- REQUIRED ACTION: When writing out the listing below, reproduce every word exactly and skip the pictures.

- GIVEN INFORMATION:
Content starts

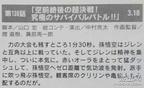 由于3月11日的马拉松转播影响,《龙珠:超》动画第130话《空前绝后的超决战!究极的生存战斗!!》将延期至3月18日放送。本集中,力之大会距离结束还剩下1分30秒,悟空与吉连的战斗不分上下。
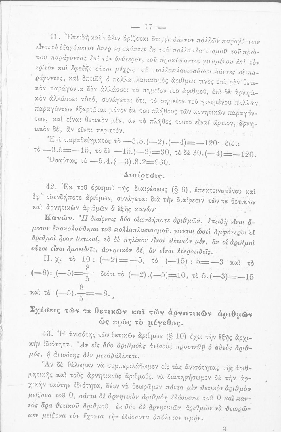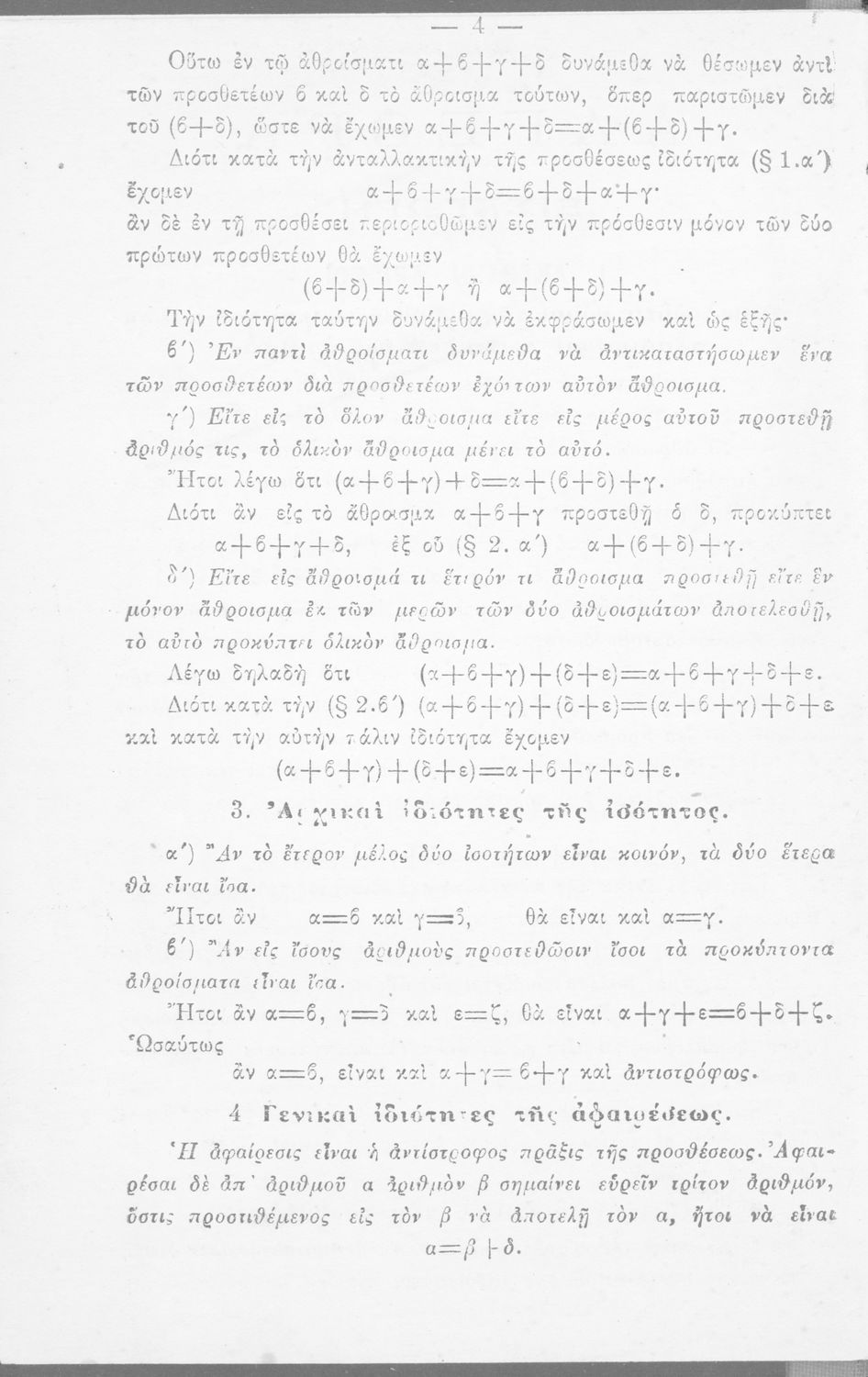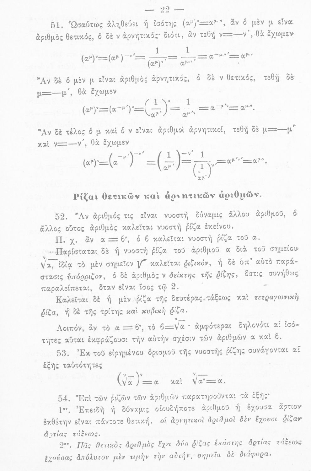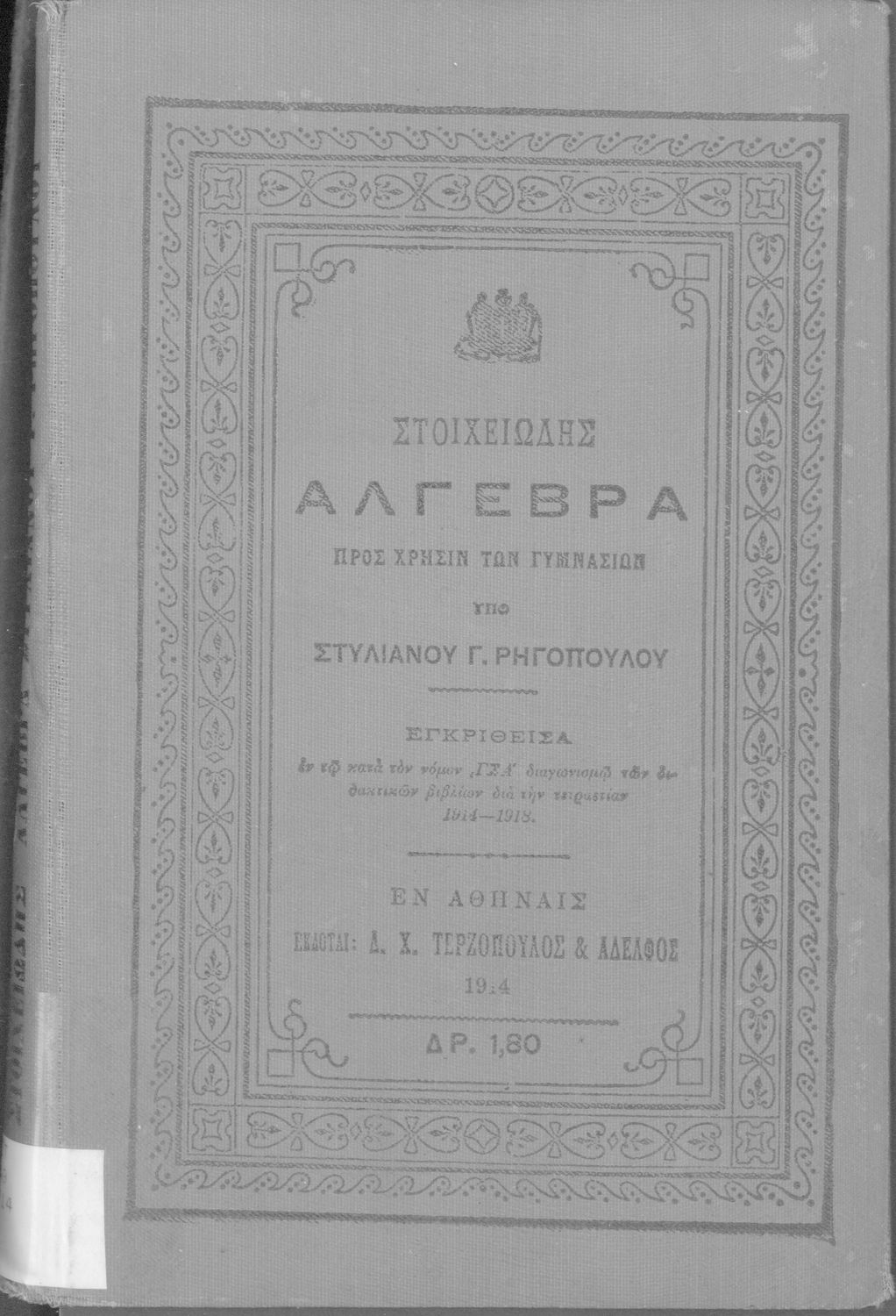 Σχολικό εγχειρίδιο Άλγεβρας Γυμνασίου που περιέχει θεωρία και ασκήσεις. Ο συγγραφέας ήταν υφηγητής στο Εθνικό Πανεπιστήμιο.
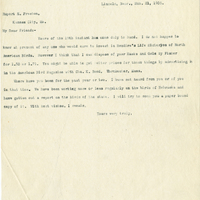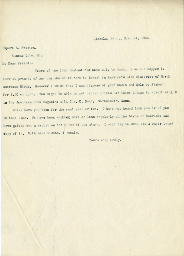 Lincoln, Nebr., Mch. 21, 1905. Rupert E. Preston, Kansas City, Mo. My Dear Friend:- Yours of the 15th instant has come duly to hand. I do not happen to know at present of any one who would care to invest in Bendira's Life Histories of North American Birds. However I think that I can dispose of your Hawks and Owls by Fisher for 1.50 or 1.75. You might be able to get better prices for these things by advertising in the American Bird Magazine with Cha. K. Reed, Worchester, Mass. Where have you been for the past year or two. I have not heard from you or of you in that time. We have been working more or less regularly on the birds of Nebraska and have gotten out a report on the birds of the state. I will try to send you a paper bound copy of it. With best wishes, I remain, Yours very truly,
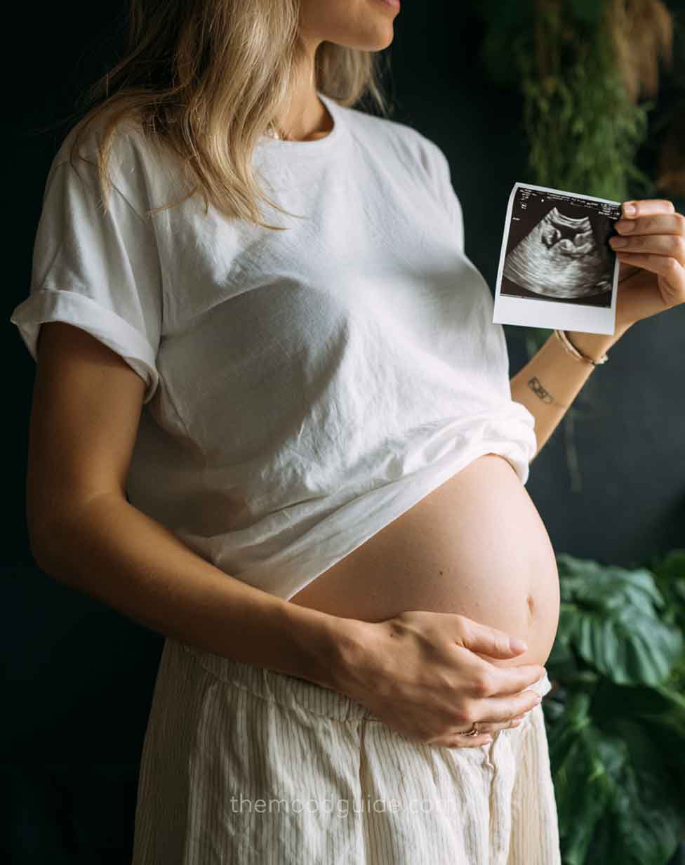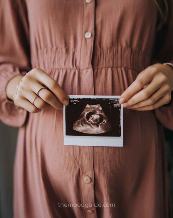 Holding a note or the baby scan.

Content ends

- ANSWER SPACE:
 由于3月11日的马拉松转播影响,《龙珠:超》动画第130话《空前绝后的超决战!究极的生存战斗!!》将延期至3月18日放送。本集中,力之大会距离结束还剩下1分30秒,悟空与吉连的战斗不分上下。
 Σχολικό εγχειρίδιο Άλγεβρας Γυμνασίου που περιέχει θεωρία και ασκήσεις. Ο συγγραφέας ήταν υφηγητής στο Εθνικό Πανεπιστήμιο.
 Lincoln, Nebr., Mch. 21, 1905. Rupert E. Preston, Kansas City, Mo. My Dear Friend:- Yours of the 15th instant has come duly to hand. I do not happen to know at present of any one who would care to invest in Bendira's Life Histories of North American Birds. However I think that I can dispose of your Hawks and Owls by Fisher for 1.50 or 1.75. You might be able to get better prices for these things by advertising in the American Bird Magazine with Cha. K. Reed, Worchester, Mass. Where have you been for the past year or two. I have not heard from you or of you in that time. We have been working more or less regularly on the birds of Nebraska and have gotten out a report on the birds of the state. I will try to send you a paper bound copy of it. With best wishes, I remain, Yours very truly,
 Holding a note or the baby scan.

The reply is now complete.